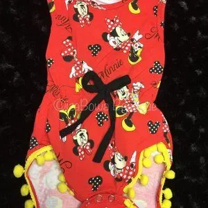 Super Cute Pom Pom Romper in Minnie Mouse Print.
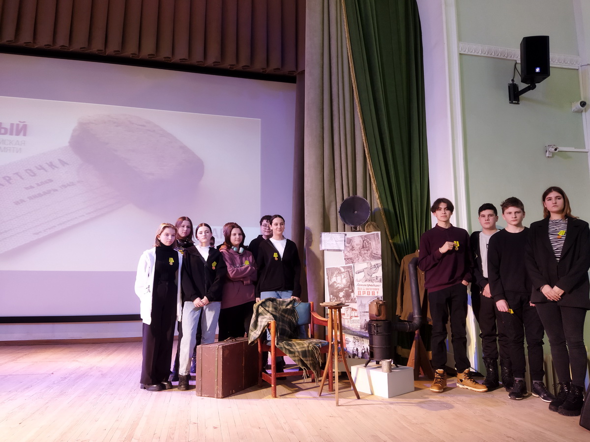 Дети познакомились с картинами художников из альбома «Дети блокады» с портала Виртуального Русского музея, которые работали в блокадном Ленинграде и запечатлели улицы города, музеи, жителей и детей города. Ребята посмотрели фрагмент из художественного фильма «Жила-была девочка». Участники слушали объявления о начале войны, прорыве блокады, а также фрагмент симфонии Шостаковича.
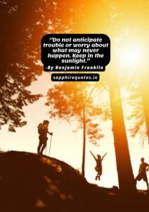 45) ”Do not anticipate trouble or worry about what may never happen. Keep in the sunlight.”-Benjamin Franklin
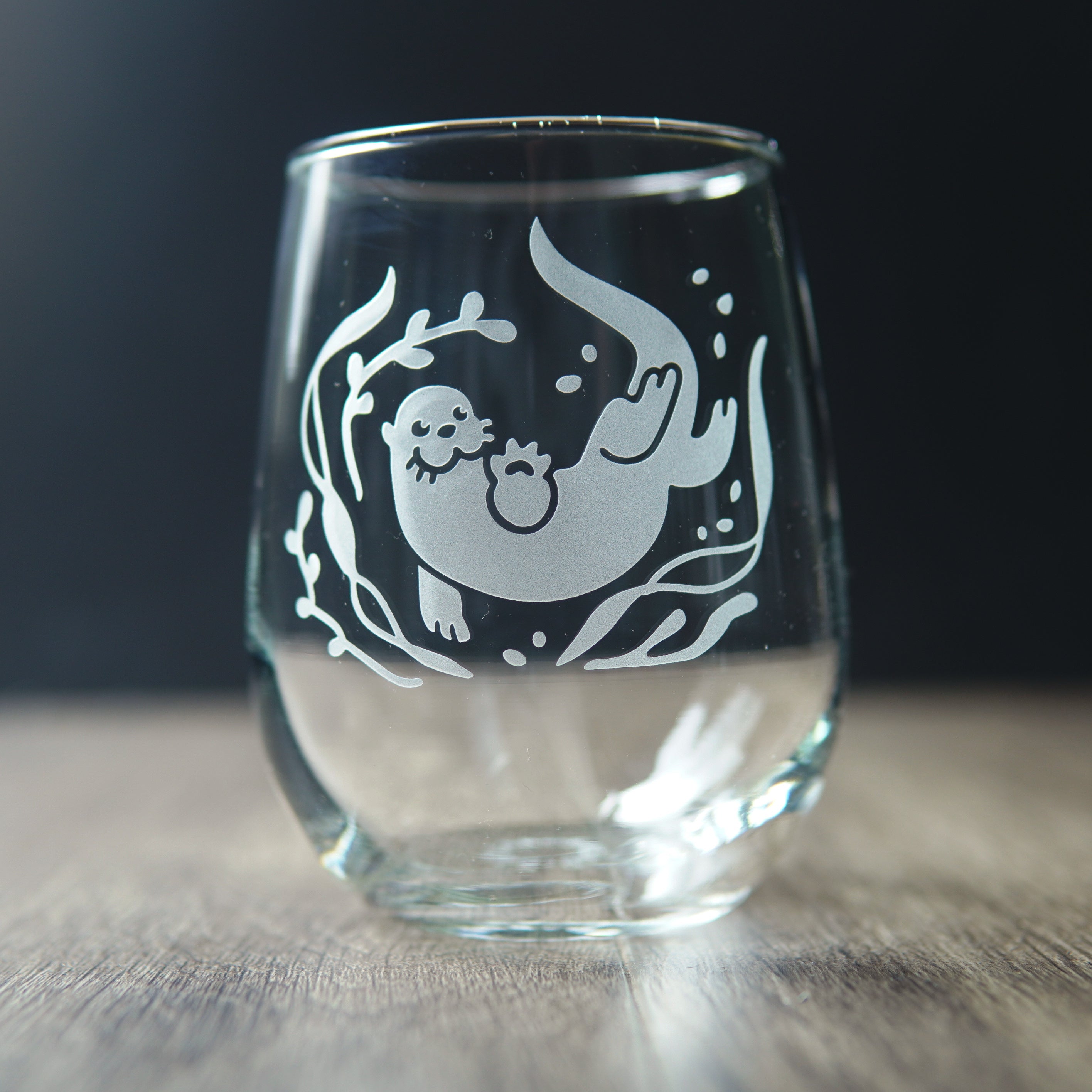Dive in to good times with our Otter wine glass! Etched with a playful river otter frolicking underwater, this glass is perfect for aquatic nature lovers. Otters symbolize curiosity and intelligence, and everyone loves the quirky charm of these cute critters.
==
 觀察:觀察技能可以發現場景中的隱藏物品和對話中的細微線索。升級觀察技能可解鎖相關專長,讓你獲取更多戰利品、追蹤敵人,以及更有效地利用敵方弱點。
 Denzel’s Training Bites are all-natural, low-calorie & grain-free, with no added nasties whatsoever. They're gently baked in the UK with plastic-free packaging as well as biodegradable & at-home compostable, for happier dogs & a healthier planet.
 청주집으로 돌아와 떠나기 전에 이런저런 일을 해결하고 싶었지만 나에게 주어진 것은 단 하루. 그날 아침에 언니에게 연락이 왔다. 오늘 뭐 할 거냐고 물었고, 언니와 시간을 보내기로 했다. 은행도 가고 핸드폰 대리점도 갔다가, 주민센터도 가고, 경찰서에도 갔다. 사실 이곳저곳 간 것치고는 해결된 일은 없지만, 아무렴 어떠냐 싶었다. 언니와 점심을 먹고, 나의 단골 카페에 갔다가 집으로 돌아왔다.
...
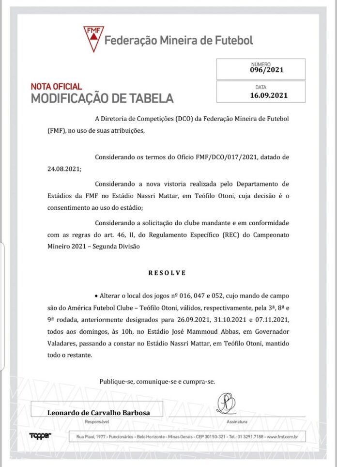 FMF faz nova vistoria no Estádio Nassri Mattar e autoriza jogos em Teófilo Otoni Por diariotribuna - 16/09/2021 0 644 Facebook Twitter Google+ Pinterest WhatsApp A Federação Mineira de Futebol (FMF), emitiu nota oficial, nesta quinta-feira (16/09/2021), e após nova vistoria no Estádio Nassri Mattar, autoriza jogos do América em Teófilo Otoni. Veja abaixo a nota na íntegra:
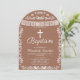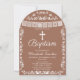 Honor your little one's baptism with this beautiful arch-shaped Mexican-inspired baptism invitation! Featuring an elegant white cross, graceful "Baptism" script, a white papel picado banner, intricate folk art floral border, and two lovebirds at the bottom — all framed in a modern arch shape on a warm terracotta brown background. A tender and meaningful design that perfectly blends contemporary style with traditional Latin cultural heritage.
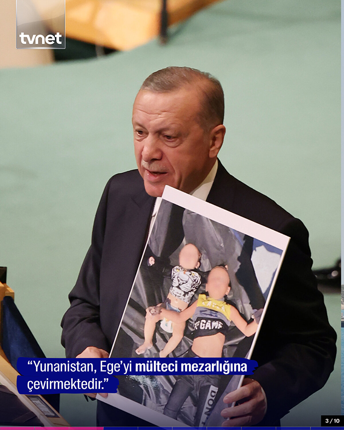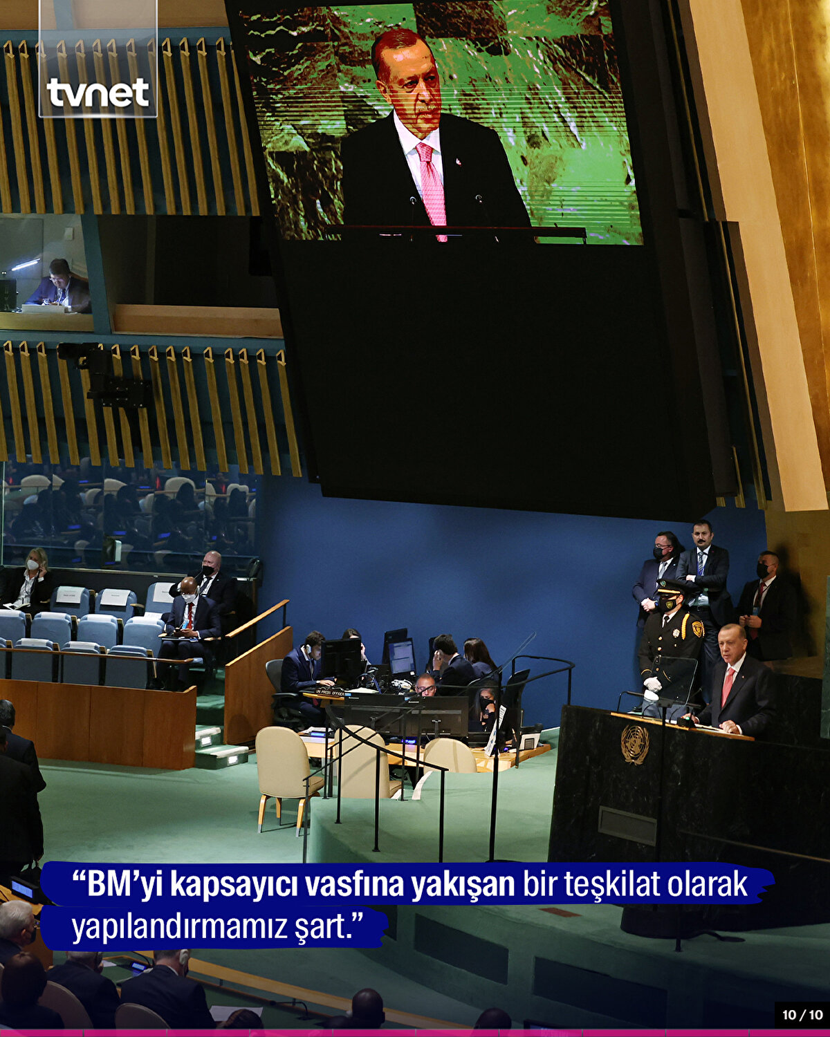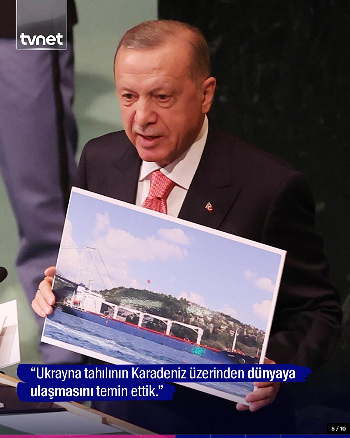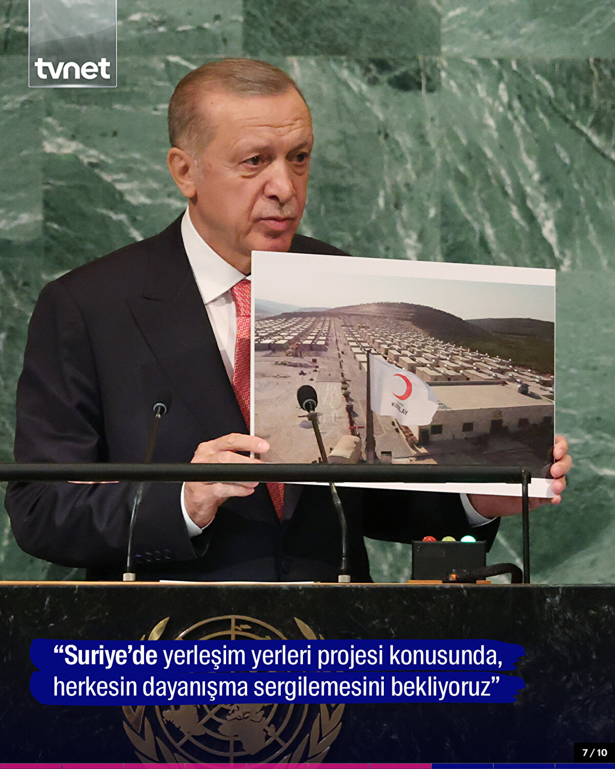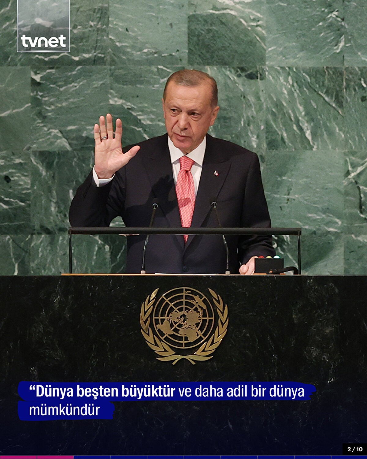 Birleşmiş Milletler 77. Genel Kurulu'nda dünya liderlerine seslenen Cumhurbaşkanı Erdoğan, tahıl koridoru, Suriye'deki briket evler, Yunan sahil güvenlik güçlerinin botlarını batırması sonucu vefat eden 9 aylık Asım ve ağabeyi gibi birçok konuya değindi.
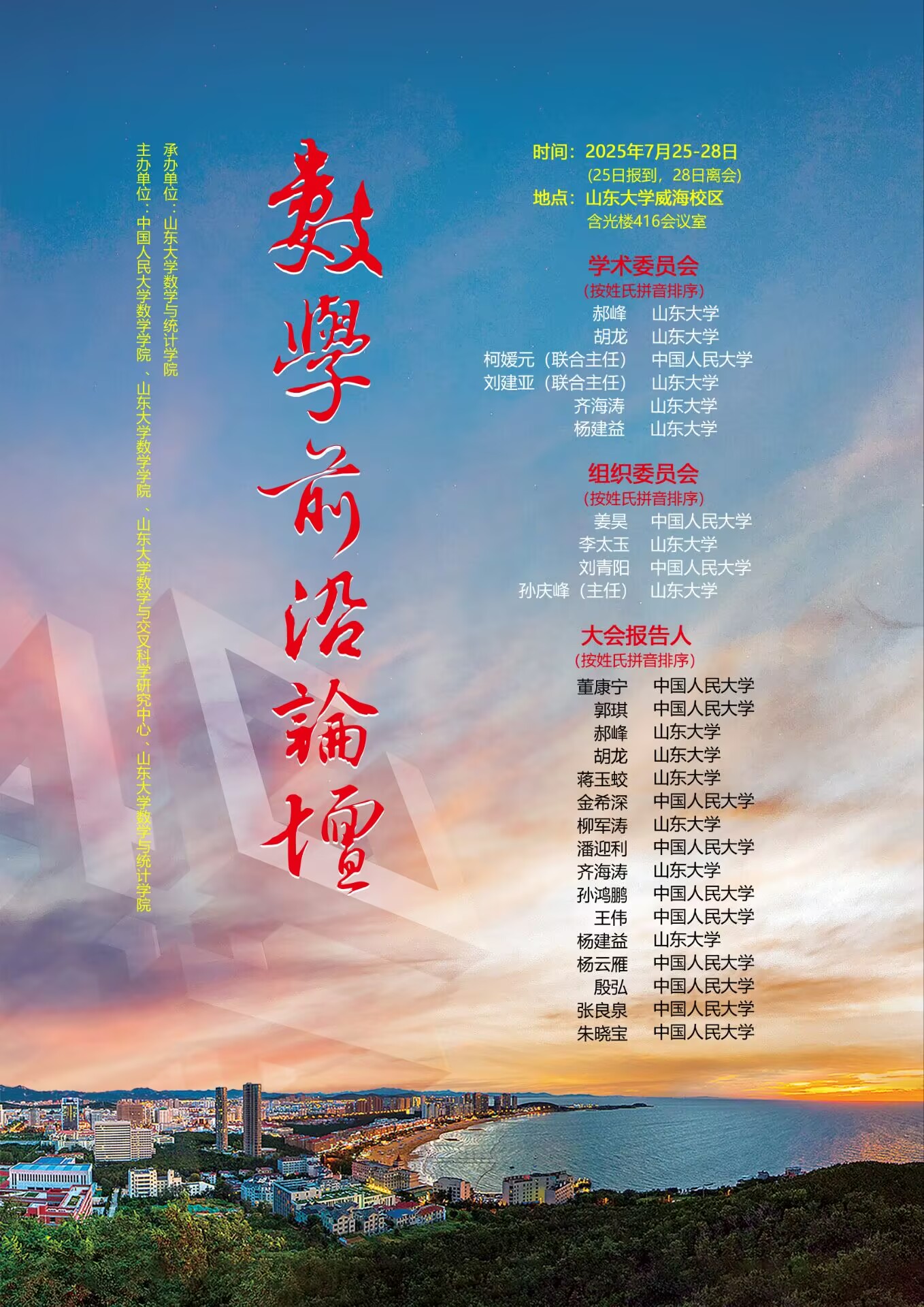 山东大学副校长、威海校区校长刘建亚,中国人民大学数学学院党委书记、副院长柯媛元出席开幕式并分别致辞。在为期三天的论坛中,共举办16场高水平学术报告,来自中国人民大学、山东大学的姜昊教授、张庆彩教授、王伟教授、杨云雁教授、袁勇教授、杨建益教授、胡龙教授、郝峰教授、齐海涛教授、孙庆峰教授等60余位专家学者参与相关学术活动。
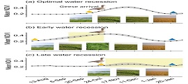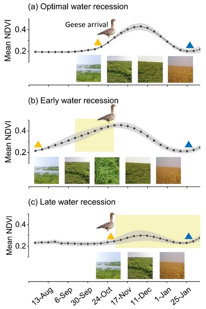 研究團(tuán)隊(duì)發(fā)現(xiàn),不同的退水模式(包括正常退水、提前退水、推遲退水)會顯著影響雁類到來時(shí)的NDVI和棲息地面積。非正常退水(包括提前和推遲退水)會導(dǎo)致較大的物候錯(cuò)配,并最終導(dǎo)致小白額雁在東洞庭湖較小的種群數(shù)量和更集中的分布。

▸ **Problem**
Repeat exactly the stretch of the listing above that starts with the line holding "Super Cute Pom" and finishes with the line holding "not anticipate trouble", both included. Skip every picture.

▸ **Expected answer**
 Super Cute Pom Pom Romper in Minnie Mouse Print.
 Дети познакомились с картинами художников из альбома «Дети блокады» с портала Виртуального Русского музея, которые работали в блокадном Ленинграде и запечатлели улицы города, музеи, жителей и детей города. Ребята посмотрели фрагмент из художественного фильма «Жила-была девочка». Участники слушали объявления о начале войны, прорыве блокады, а также фрагмент симфонии Шостаковича.
 45) ”Do not anticipate trouble or worry about what may never happen. Keep in the sunlight.”-Benjamin Franklin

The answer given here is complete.